Exercise
Copy out again, unchanged, the listing below from the line that has "3. Cancel Invoice screen" through the line that has "ここで酒を変えようと気になる".

Provided records
+ + +

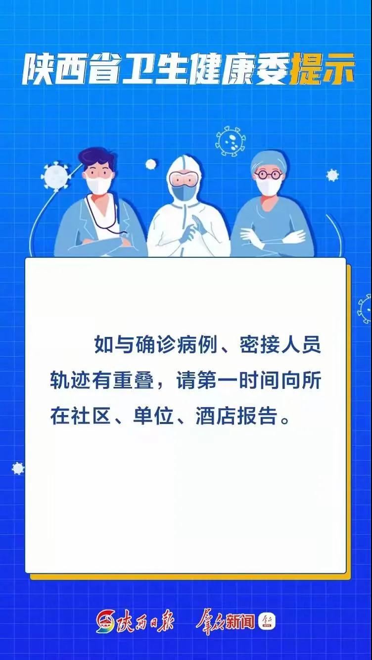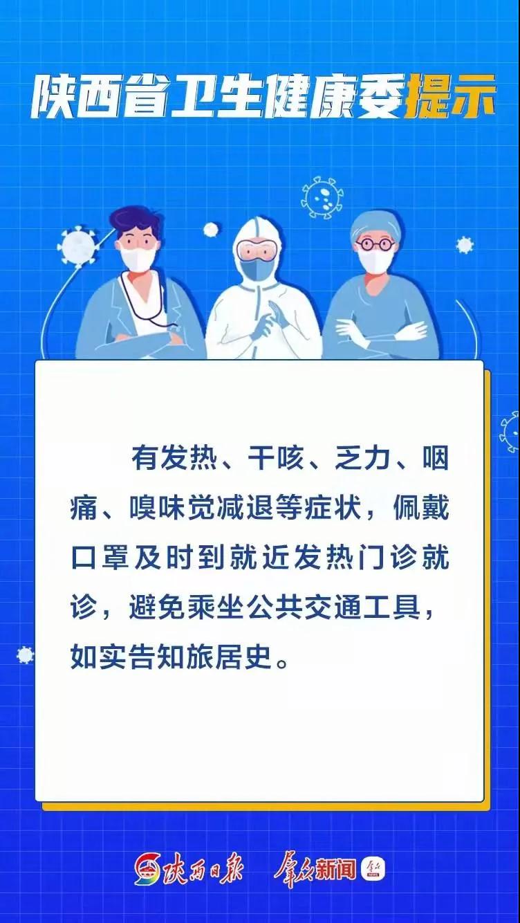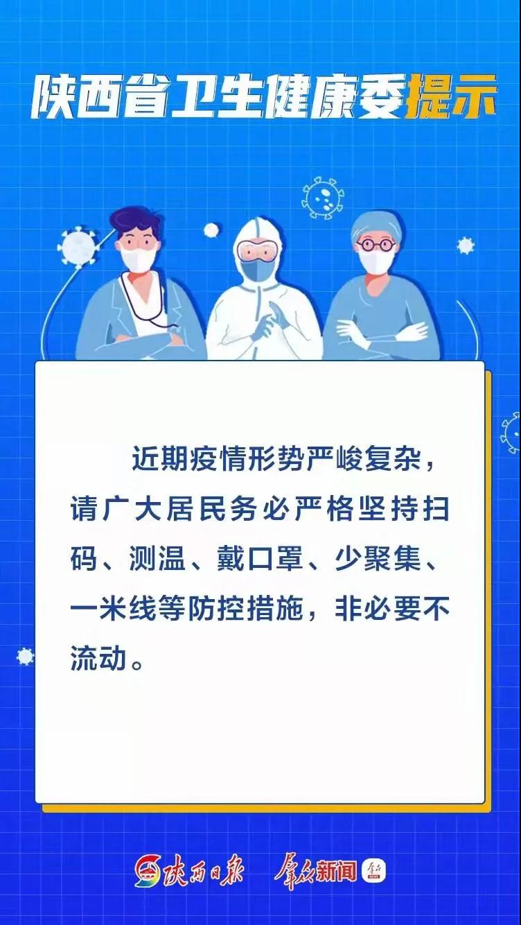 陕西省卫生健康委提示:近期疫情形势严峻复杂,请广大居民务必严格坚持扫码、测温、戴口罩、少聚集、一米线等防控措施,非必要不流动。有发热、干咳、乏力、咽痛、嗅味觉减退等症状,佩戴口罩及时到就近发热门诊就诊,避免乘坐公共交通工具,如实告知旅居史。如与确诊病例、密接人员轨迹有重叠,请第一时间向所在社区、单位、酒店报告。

+ + +

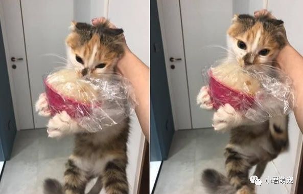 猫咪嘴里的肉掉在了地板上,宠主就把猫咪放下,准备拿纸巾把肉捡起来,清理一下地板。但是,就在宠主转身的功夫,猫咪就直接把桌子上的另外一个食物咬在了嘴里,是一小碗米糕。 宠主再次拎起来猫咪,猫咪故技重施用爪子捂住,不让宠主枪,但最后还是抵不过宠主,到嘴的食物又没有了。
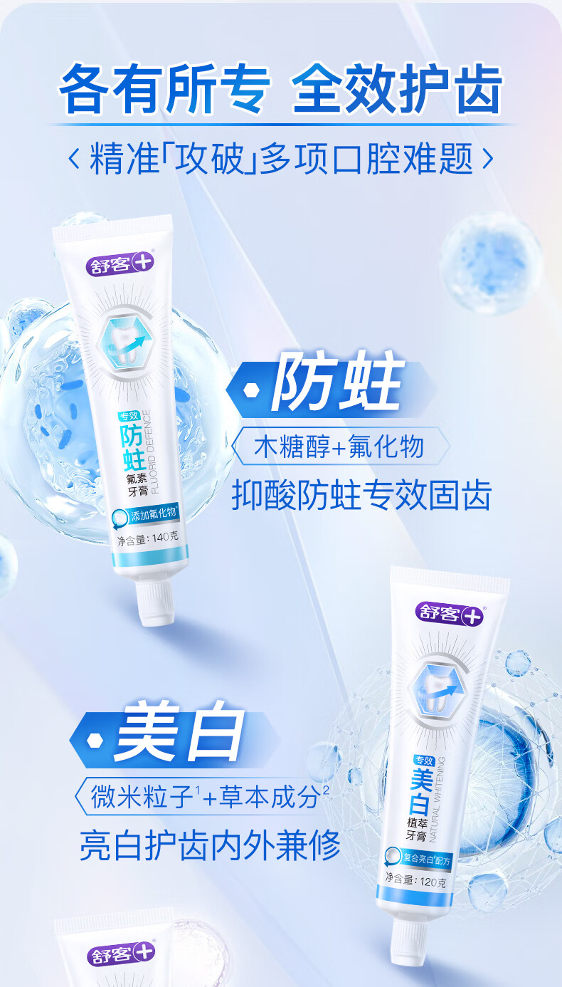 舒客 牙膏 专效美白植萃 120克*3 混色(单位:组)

+ + +

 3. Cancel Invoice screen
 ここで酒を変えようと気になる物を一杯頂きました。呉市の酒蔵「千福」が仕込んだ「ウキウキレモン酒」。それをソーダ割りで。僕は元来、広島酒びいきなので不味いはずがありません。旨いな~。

+ + +

Answer section
 3. Cancel Invoice screen
 ここで酒を変えようと気になる物を一杯頂きました。呉市の酒蔵「千福」が仕込んだ「ウキウキレモン酒」。それをソーダ割りで。僕は元来、広島酒びいきなので不味いはずがありません。旨いな~。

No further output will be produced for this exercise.